Task brief
Please reproduce the lines from the one containing "艺禾原创3-10岁手绘卡通儿童穿戴甲安全无毒可爱萌趣短款易贴美甲" through the end of the data below exactly as they stand, and omit all pictures.

Source material
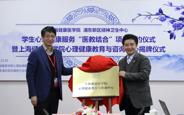 12月26日,学生心理健康服务“医教结合”项目签约仪式暨心理健康教育与咨询中心揭牌仪式在新南苑3号楼211会议室举行。中国心理卫生协会大学生心理咨询专业委员会副主任黄晞建,教育部高校学生心理健康教育专家指导委员会委员张海燕,上海高校心理咨询协会理事长陈增堂,浦东新区精神卫生中心党委书记胡承平、副院长诸秉根,我校副校长许铁峰,学生处、后勤服务中心、教务处、心理健康教育与咨询中心负责人以及来自各学院的党总支副书记和心理辅导员、心理咨询师代表出席揭牌及签约仪式。仪式由学生处副处长(主持工作)、心理健康教育与咨询中心主任吕晓丽主持。
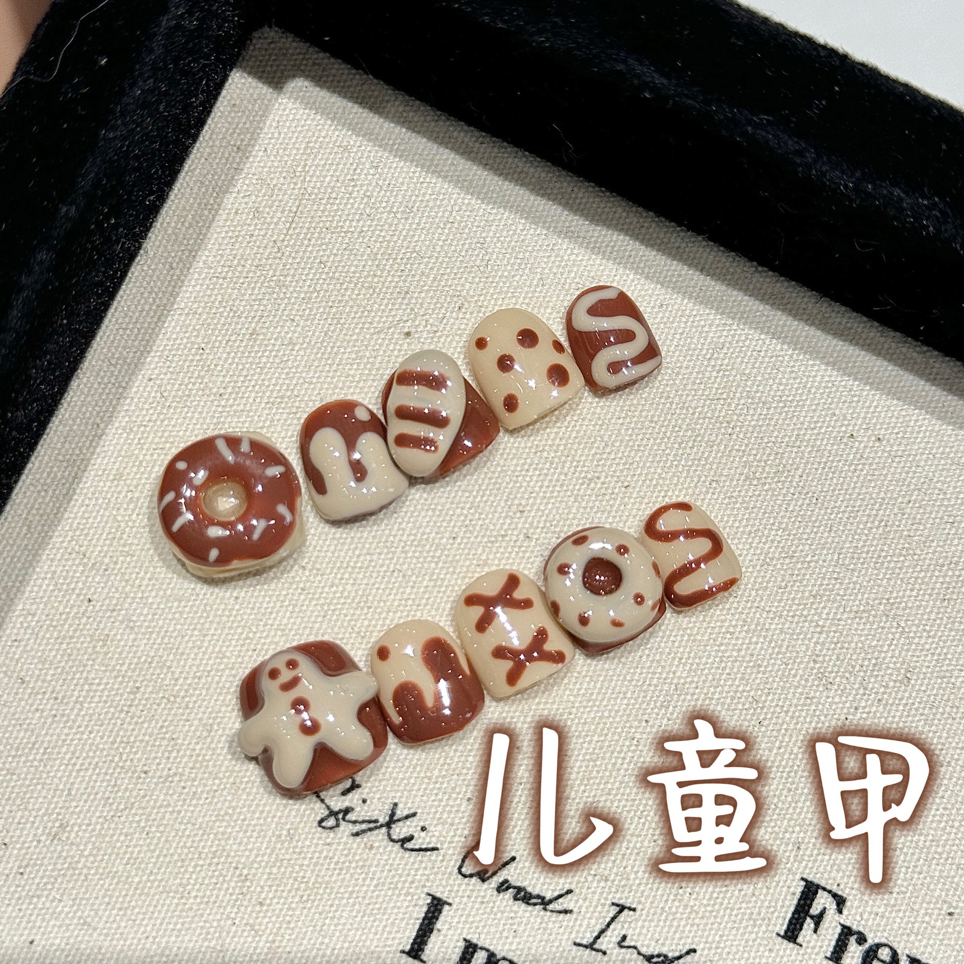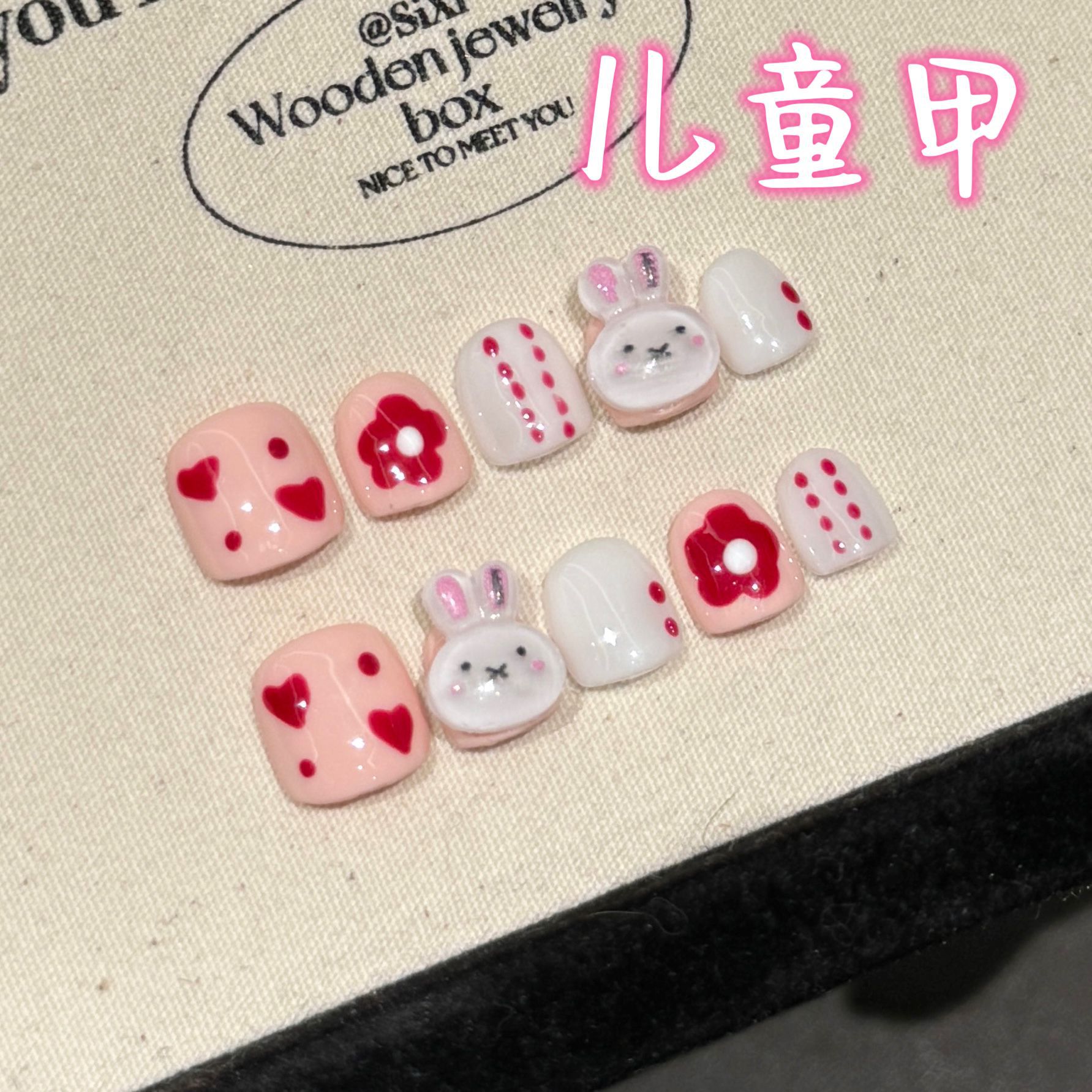 艺禾原创3-10岁手绘卡通儿童穿戴甲安全无毒可爱萌趣短款易贴美甲
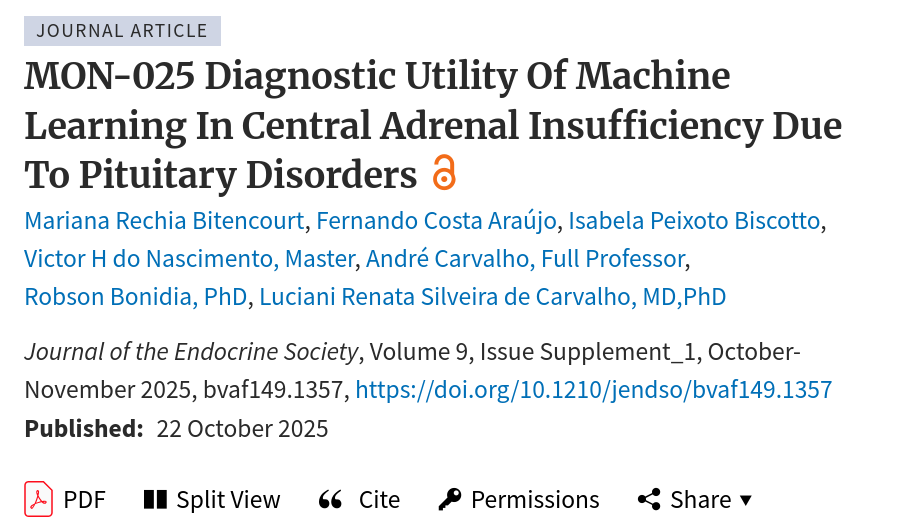 [Article][IF 2024: 3.100] RECHIA BITENCOURT, MARIANA; COSTA ARAÚJO, FERNANDO; PEIXOTO BISCOTTO, ISABELA; DO NASCIMENTO, VICTOR H; CARVALHO, ANDRÉ; BONIDIA, ROBSON; SILVEIRA DE CARVALHO, LUCIANI RENATA. Diagnostic Utility Of Machine Learning In Central Adrenal Insufficiency Due To Pituitary Disorders. Journal Of The Endocrine Society, v. 9, p. 01, 2025.
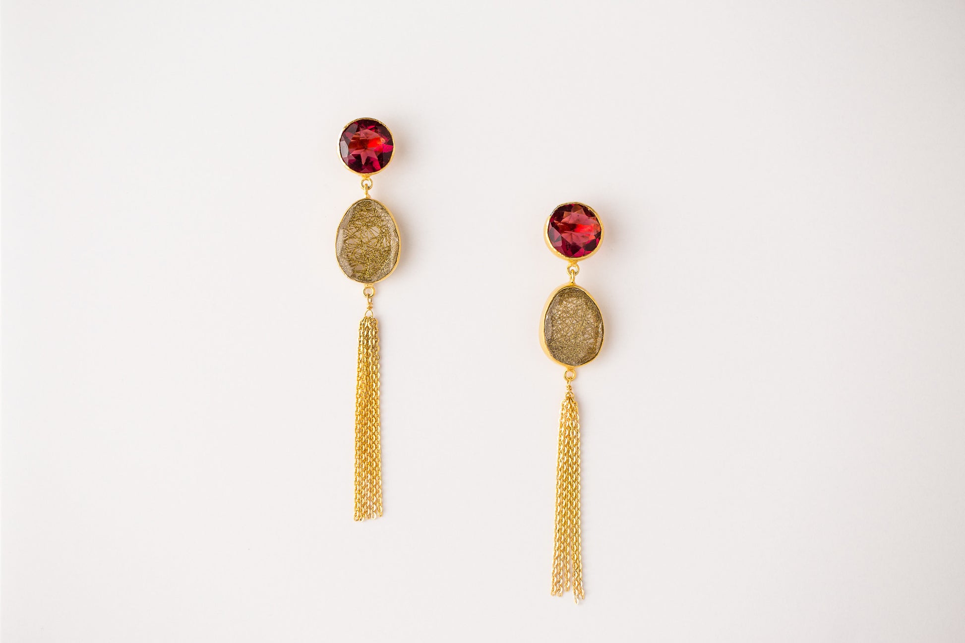 Rose hydro and rutile gemstone drops with tassled chains in gold coated metal earrings. The natural rutile fingers in the gem makes for a unique design in contrast to the ruby color.

Exercise output
 艺禾原创3-10岁手绘卡通儿童穿戴甲安全无毒可爱萌趣短款易贴美甲
 [Article][IF 2024: 3.100] RECHIA BITENCOURT, MARIANA; COSTA ARAÚJO, FERNANDO; PEIXOTO BISCOTTO, ISABELA; DO NASCIMENTO, VICTOR H; CARVALHO, ANDRÉ; BONIDIA, ROBSON; SILVEIRA DE CARVALHO, LUCIANI RENATA. Diagnostic Utility Of Machine Learning In Central Adrenal Insufficiency Due To Pituitary Disorders. Journal Of The Endocrine Society, v. 9, p. 01, 2025.
 Rose hydro and rutile gemstone drops with tassled chains in gold coated metal earrings. The natural rutile fingers in the gem makes for a unique design in contrast to the ruby color.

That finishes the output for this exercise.